And it turns out that quarantined lone fruit flies sleep too little and eat too much. Recognizable?

For many people, the lockdowns introduced have led to distorted sleep schedules and stretched waists. A culprit may be social isolation itself. Scientists have discovered that solitary fruit flies quarantined in a test tube also sleep too little and eat too much.

fruit flies

You might not say it, but those tiny fruit flies in your kitchen are very social creatures. For example, they forage and eat in groups, serenade each other through complex mating rituals and fight in miniature boxing matches to see who is the strongest. Researchers therefore found the sociable and good-natured fruit fly extremely suitable for studying the consequences of social isolation. “These creatures have put us on the right track time and time again,” explains researcher Michael Young. “Evolution put a lot of complexity into these insects a long time ago. And when we dig into their systems, we often find the rudiments of something that manifests itself in mammals and humans as well.” “If we don’t have a roadmap, the fruit fly becomes our roadmap,” adds study leader Wanhe Li.

“If we don’t have a roadmap, the fruit fly becomes our roadmap”

Lockdown

The researchers studied in the study how fruit flies put in test tubes responded to different lockdown conditions. After seven days, flies housed together in groups of different sizes showed no abnormal behavior. Even two congeners who had been separated from the rest together were perfectly happy with each other. But when a single fruit fly became completely isolated, after a week it started to show remarkable behavior: the lone insect began to sleep less and eat more.

brain cells

The researchers found that a small group of brain cells known as P2 neurons are involved in the observed changes in sleep and feeding behavior. When the researchers switched off the P2 neurons of chronically isolated flies, the flies suddenly stopped eating too much and their sleep patterns were restored. And boosting P2 in flies isolated from the group for just one day caused them to eat and sleep as if they’d been alone for a full week. “We managed to trick the fly into thinking it was in quarantine for a long time,” Li said. “The P2 neurons appear to be related to the perception of the duration of social isolation, or the intensity of loneliness.”

More experiments
In follow-up experiments, the team studied the fruit flies even more closely. For example, they wanted to rule out that just lack of sleep led to overeating (it didn’t). They then examined whether manipulating P2 neurons caused overeating and sleep deprivation (it didn’t). In the end, the researchers could only conclude one thing: an interaction between P2 neurons and social isolation causes fruit flies to sleep too little and eat too much.
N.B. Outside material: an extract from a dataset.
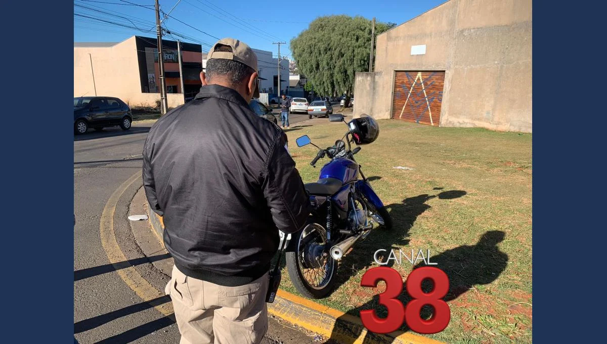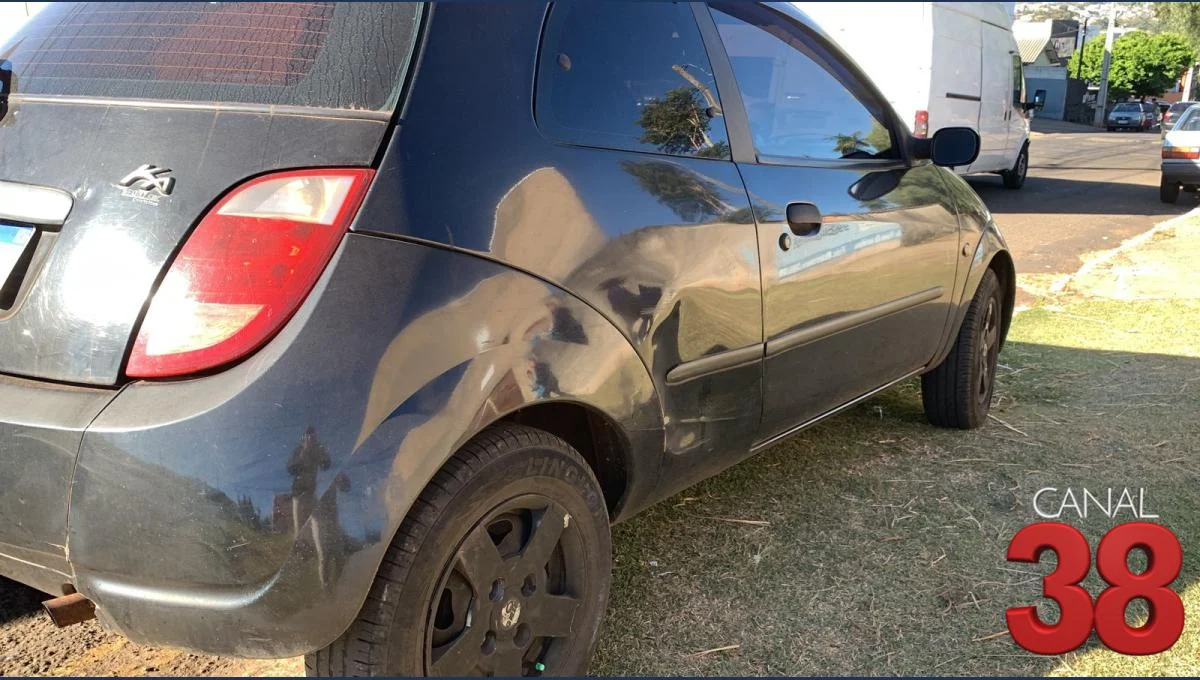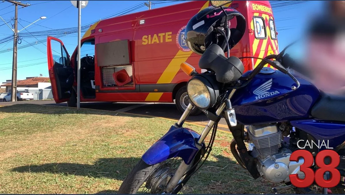 Nesta quarta-feira (13), uma colisão entre um Ford Ka e uma motocicleta foi registrada na rotatória da Avenida Pinho Araucária, em Apucarana.

By the way, fruit flies are not the only ones who sleep less and eat more when they are lonely. It is a known behavior in many social animals, including humans. For example, many people have arrived during the lockdowns; the well-known corona kilos. And many of us will also recognize what the corona crisis is doing to sleep quality. The reason for this is still somewhat unclear. “One possibility is that social isolation indicates a degree of uncertainty about the future,” Young suggests. “Preparing for difficult times may involve being alert and awake as often as possible and eating when food is available.”

Of course, the researchers cannot directly confirm in their study that people slept more and ate less during the lockdowns because of the same biological mechanisms that make fruit flies hungry and tired. Although the researchers do not rule this out. “It may very well be that our small fruit flies mimic the behavior of humans living under pandemic conditions for shared biological reasons,” Young says. In any case, the team has now discovered neurons and genes that seem to respond to social isolation in fruit flies. And so future studies can look for similar connections between loneliness, overeating and insomnia in laboratory animals and – ultimately – humans.